From mboxrd@z Thu Jan  1 00:00:00 1970
Return-Path: <linux-kernel-owner@vger.kernel.org>
Received: (majordomo@vger.kernel.org) by vger.kernel.org via listexpand
        id S1751914AbdLNLyT (ORCPT <rfc822;w@1wt.eu>);
        Thu, 14 Dec 2017 06:54:19 -0500
Received: from Galois.linutronix.de ([146.0.238.70]:37249 "EHLO
        Galois.linutronix.de" rhost-flags-OK-OK-OK-OK) by vger.kernel.org
        with ESMTP id S1751538AbdLNLyR (ORCPT
        <rfc822;linux-kernel@vger.kernel.org>);
        Thu, 14 Dec 2017 06:54:17 -0500
Date: Thu, 14 Dec 2017 12:54:05 +0100 (CET)
From: Thomas Gleixner <tglx@linutronix.de>
To: Linus Torvalds <torvalds@linux-foundation.org>
cc: Bjorn Helgaas <helgaas@kernel.org>,
        Maarten Lankhorst <dev@mblankhorst.nl>,
        Michal Hocko <mhocko@kernel.org>,
        "Rafael J. Wysocki" <rjw@rjwysocki.net>,
        Andy Lutomirski <luto@kernel.org>,
        Linux Kernel Mailing List <linux-kernel@vger.kernel.org>,
        the arch/x86 maintainers <x86@kernel.org>,
        Daniel Vetter <daniel.vetter@intel.com>,
        Bjorn Helgaas <bhelgaas@google.com>,
        "Rafael J. Wysocki" <rafael.j.wysocki@intel.com>,
        linux-pci@vger.kernel.org, linux-pm@vger.kernel.org
Subject: Re: Linux 4.15-rc2: Regression in resume from ACPI S3
In-Reply-To: <alpine.DEB.2.20.1712132201380.1885@nanos>
Message-ID: <alpine.DEB.2.20.1712132211570.1885@nanos>
References: <168050887.sZlTFXWCmO@aspire.rjw.lan> <CA+55aFwsMuHUBQz5kDNwRf17JnasXMWjvmLq5qXGH-694yeq1w@mail.gmail.com> <20171206121452.GA6320@dhcp22.suse.cz> <db81e89d-eee6-868c-dc10-c028f4c4be84@mblankhorst.nl> <alpine.DEB.2.20.1712061344560.1724@nanos>
 <0f1d3d63-fa10-5cef-8014-81753dc60243@mblankhorst.nl> <alpine.DEB.2.20.1712061514420.1724@nanos> <57c8679e-1b88-c9ad-2299-2bea7560b28f@mblankhorst.nl> <alpine.DEB.2.20.1712081129450.1840@nanos> <alpine.DEB.2.20.1712131507160.1885@nanos>
 <20171213162336.GG53955@bhelgaas-glaptop.roam.corp.google.com> <alpine.DEB.2.20.1712131738020.1885@nanos> <CA+55aFw-SZLey5FaQfSLSbDU1sYhoGDrWoOngswkHMFfHW3O6w@mail.gmail.com> <alpine.DEB.2.20.1712131856130.1885@nanos> <alpine.DEB.2.20.1712132149420.1885@nanos>
 <alpine.DEB.2.20.1712132201380.1885@nanos>
User-Agent: Alpine 2.20 (DEB 67 2015-01-07)
MIME-Version: 1.0
Content-Type: text/plain; charset=US-ASCII
Sender: linux-kernel-owner@vger.kernel.org
List-ID: <linux-kernel.vger.kernel.org>
X-Mailing-List: linux-kernel@vger.kernel.org

On Wed, 13 Dec 2017, Thomas Gleixner wrote:
> On Wed, 13 Dec 2017, Thomas Gleixner wrote:
> > On Wed, 13 Dec 2017, Thomas Gleixner wrote:
> > > On Wed, 13 Dec 2017, Linus Torvalds wrote:
> > > 
> > > > On Wed, Dec 13, 2017 at 8:41 AM, Thomas Gleixner <tglx@linutronix.de> wrote:
> > > > >
> > > > > Definitely.
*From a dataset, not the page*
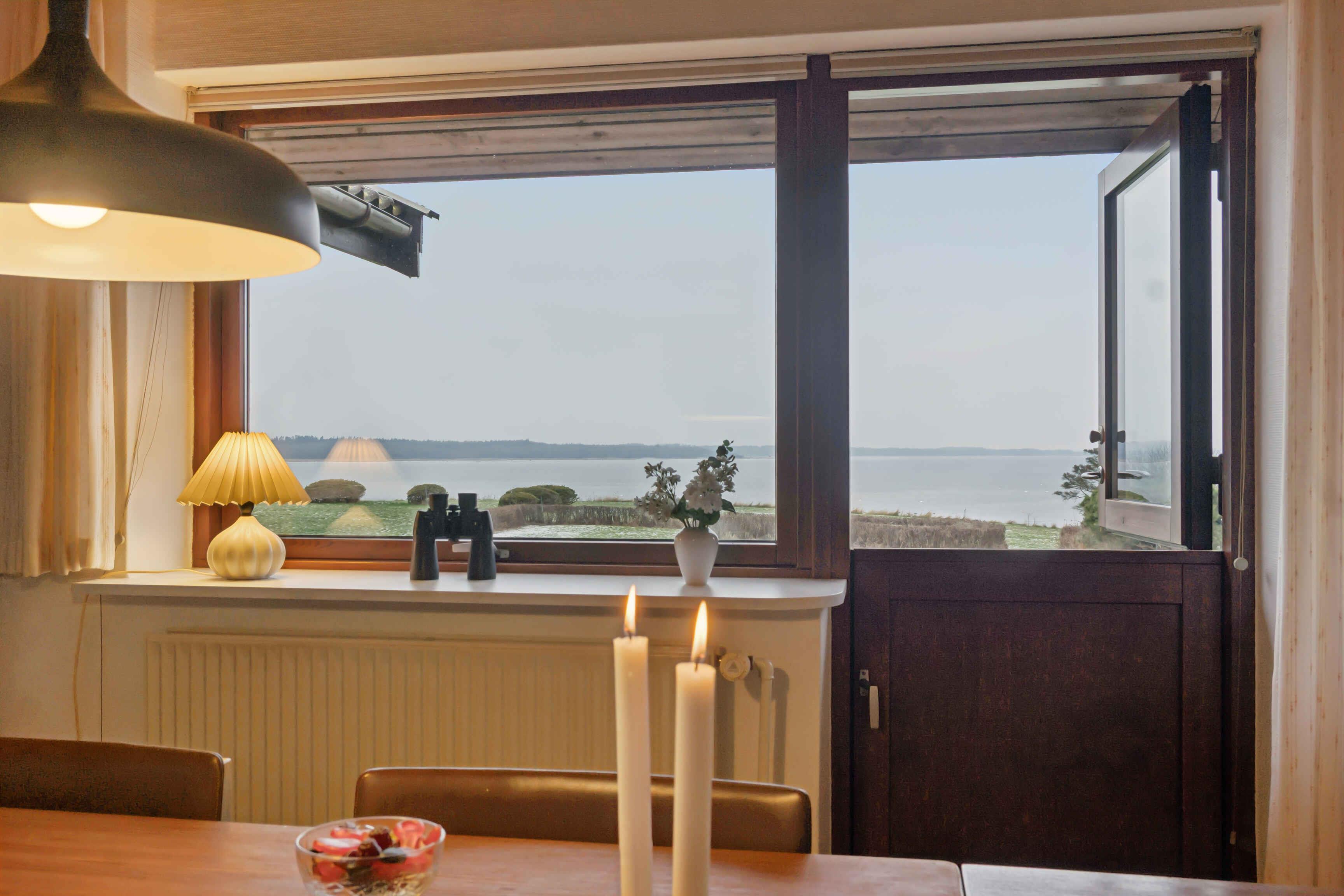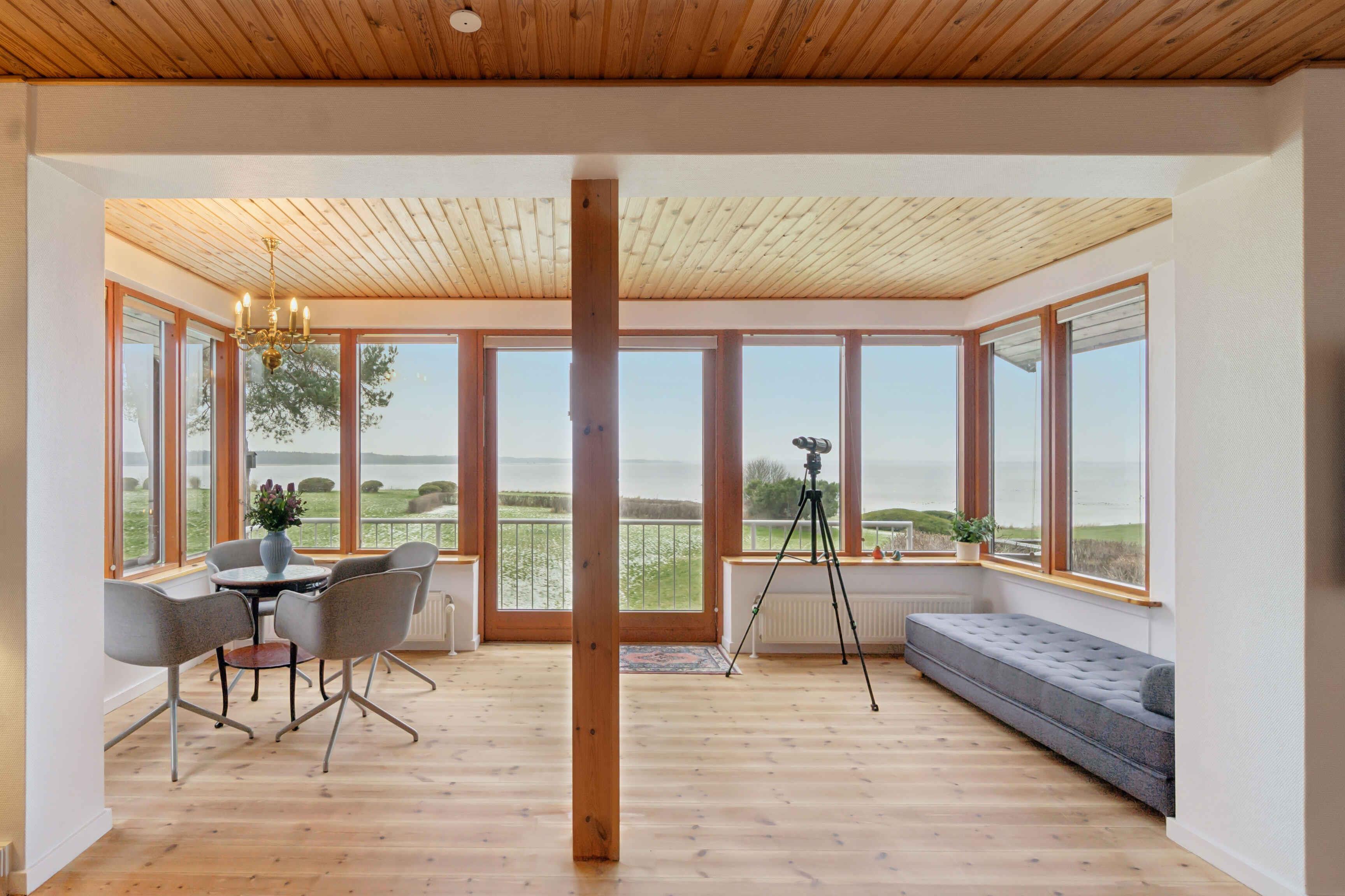 Nyd en unik naturferie med panoramaudsigt og strand kun 25 m fra dette rummelige sommerhus i Ølsted.

That was fragile forever but puzzles me is that I can't figure
> > > > > out what now causes that spurious interrupt to surface out of the blue.
> > > > 
> > > > Perhaps just timing?
> > > 
> > > That's what I'm trying to figure out right now, because that is the only
> > > sensible explanation left. The whole machinery of suspend is exactly the
> > > same with and without the vector changes. I instrumented all functions
> > > involved and the picture is the same. I even do not see any fundamental
> > > timing differences where one would say: That's it.
> > > 
> > > What puzzles me even more is that in the range of commits I'm fiddling with
> > > there is no other change than the vector management stuff and the point
> > > where it breaks makes no sense at all. The point Maarten bisected it to
> > > works nicely here, so that might just point to a very subtle timing issue.
> > 
> > After doing more debugging on this it turns out that this looks like a
> > legacy interrupt coming in. The vector number is always 55, which is legacy
> > IRQ 7 as seen from the PIC. The corresponding IOAPIC interrupt pin is
> > masked and vector 55 is completely unused.
> > 
> > More questions than answers. Still investigating.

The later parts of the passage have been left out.